Excerpts from a dataset
■ ■ ■ ■ ■ ■ ■

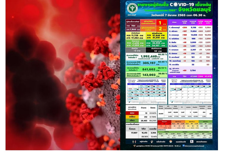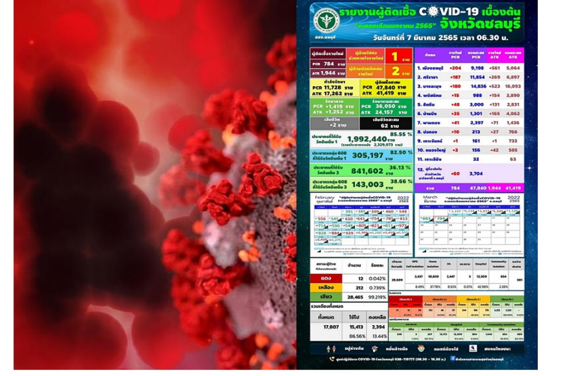 วันที่ 7 มี.ค.65 สสจ.ชลบุรี มีรายงานผู้ติดเชื้อโควิด-19 รายใหม่ จำนวน 784 ราย จาก คนที่พักอาศัยในจังหวัดระยอง เข้ามารักษาในจังหวัดชลบุรี 51 ราย จาก CLUSTER บริษัท ในพื้นที่ อ.เมืองชลบุรี 3 ราย จากอาชีพเสี่ยงพบปะผู้คนจำนวนมาก 33 ราย จากบุคลากรทางการแพทย์ 20 ราย จากผู้ให้ประวัติเดินทางมาจากจังหวัดฉะเชิงเทรา และจังหวัดภูเก็ต รวม 2 ราย
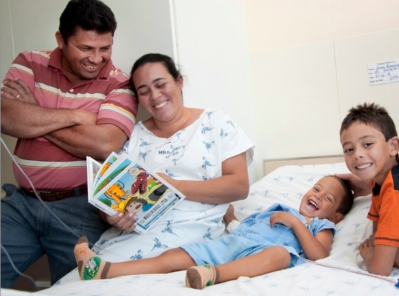 The people hospitalized in a clinical environment become very fragile, both as a result of their illnesses as well as being in an environment far from their loved ones and friends. The project “O Amor Cura!” (Love Heals!) has as its goal, through direct contact with this audience, to create something positive within a negative situation, using cheerful entertainment such as music, educational readings and videos.
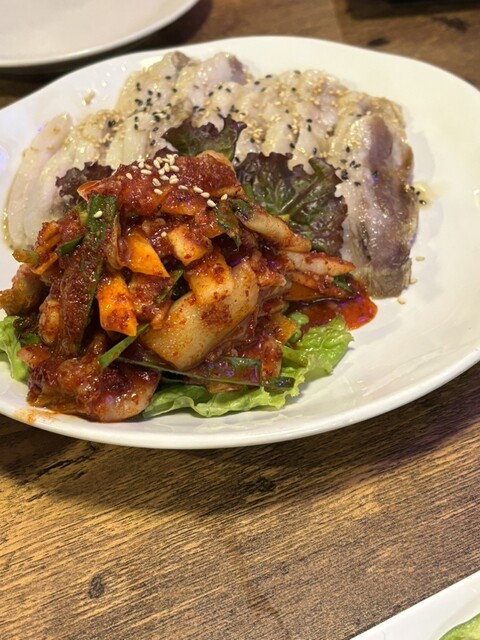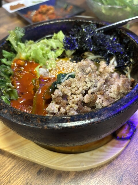 因为是第二家店,我们点了泡菜拼盘、包肉和石锅拌饭,大家一起分享。味道还不错...
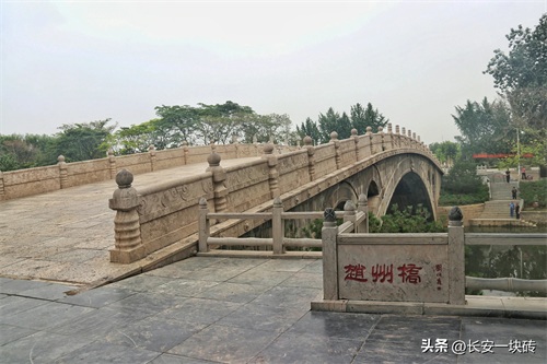 安济桥横跨洨(xiao淆)河上,建于隋代大业年间(公元605-617年),距今一千三百多年,经过多少次洪水、地震等自然灾害的考验,至今仍巍然屹立,为世界上所少见。安济桥是一位工匠李春设计的。桥长五十多米,宽九米多,隋安济桥巩,即由一十八道很窄的独立的狭拱(每道拱券用四十三块大石块组成)平行拼成一个大拱。拱的跨度三十七米多,拱矢(就是两拱脚连结线到拱顶的高度)只有七米多,矢跨比是五分之一,这在世界桥梁中是极其少见的。它的拱形不是一般的半圆形,而是象一张弓,构成所谓“坦拱”,便于行人车马上下。最巧妙的是,在大拱券的两肩,各有两个小拱,首创了世界上、“敞肩拱”的新式桥型。这种结构方法,比欧洲要早一千二百多年。“敞肩拱”能减轻桥重,节省石料,便于泄洪水,增加桥的稳定性,桥身显得玲珑美观。古人形容安济桥是“新月出云”、“高虹横水”,称赞它“奇巧甲天下”。
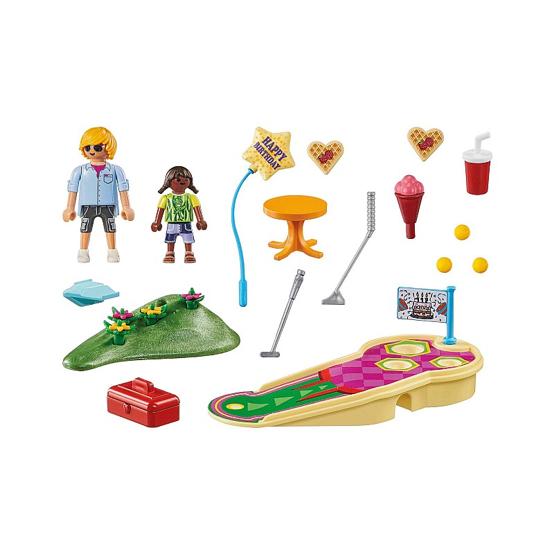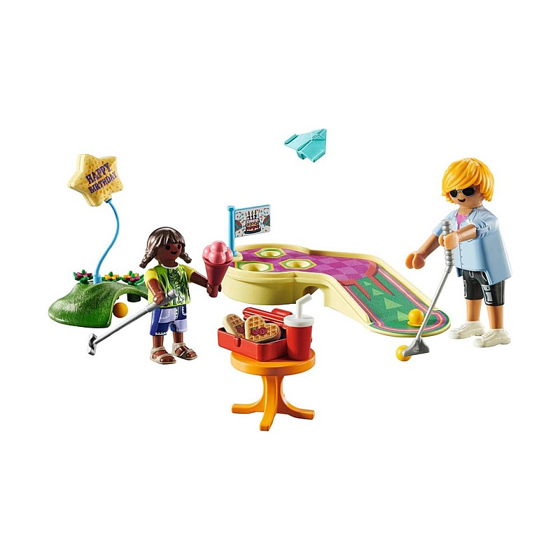 Între rundele incitante de mini golf, jucătorii de golf se răsfață cu delicioase inimioare de napolitane și înghețată delicioasă.

■ ■ ■ ■ ■ ■ ■

(EXERCISE DIRECTIONS)
Could the lines from the first entry through the line that contains "安济桥横跨洨(xiao淆)河" be copied exactly, with all pictures left out?

(RESPONSE FOR THIS EXERCISE)
 วันที่ 7 มี.ค.65 สสจ.ชลบุรี มีรายงานผู้ติดเชื้อโควิด-19 รายใหม่ จำนวน 784 ราย จาก คนที่พักอาศัยในจังหวัดระยอง เข้ามารักษาในจังหวัดชลบุรี 51 ราย จาก CLUSTER บริษัท ในพื้นที่ อ.เมืองชลบุรี 3 ราย จากอาชีพเสี่ยงพบปะผู้คนจำนวนมาก 33 ราย จากบุคลากรทางการแพทย์ 20 ราย จากผู้ให้ประวัติเดินทางมาจากจังหวัดฉะเชิงเทรา และจังหวัดภูเก็ต รวม 2 ราย
 The people hospitalized in a clinical environment become very fragile, both as a result of their illnesses as well as being in an environment far from their loved ones and friends. The project “O Amor Cura!” (Love Heals!) has as its goal, through direct contact with this audience, to create something positive within a negative situation, using cheerful entertainment such as music, educational readings and videos.
 因为是第二家店,我们点了泡菜拼盘、包肉和石锅拌饭,大家一起分享。味道还不错...
 安济桥横跨洨(xiao淆)河上,建于隋代大业年间(公元605-617年),距今一千三百多年,经过多少次洪水、地震等自然灾害的考验,至今仍巍然屹立,为世界上所少见。安济桥是一位工匠李春设计的。桥长五十多米,宽九米多,隋安济桥巩,即由一十八道很窄的独立的狭拱(每道拱券用四十三块大石块组成)平行拼成一个大拱。拱的跨度三十七米多,拱矢(就是两拱脚连结线到拱顶的高度)只有七米多,矢跨比是五分之一,这在世界桥梁中是极其少见的。它的拱形不是一般的半圆形,而是象一张弓,构成所谓“坦拱”,便于行人车马上下。最巧妙的是,在大拱券的两肩,各有两个小拱,首创了世界上、“敞肩拱”的新式桥型。这种结构方法,比欧洲要早一千二百多年。“敞肩拱”能减轻桥重,节省石料,便于泄洪水,增加桥的稳定性,桥身显得玲珑美观。古人形容安济桥是“新月出云”、“高虹横水”,称赞它“奇巧甲天下”。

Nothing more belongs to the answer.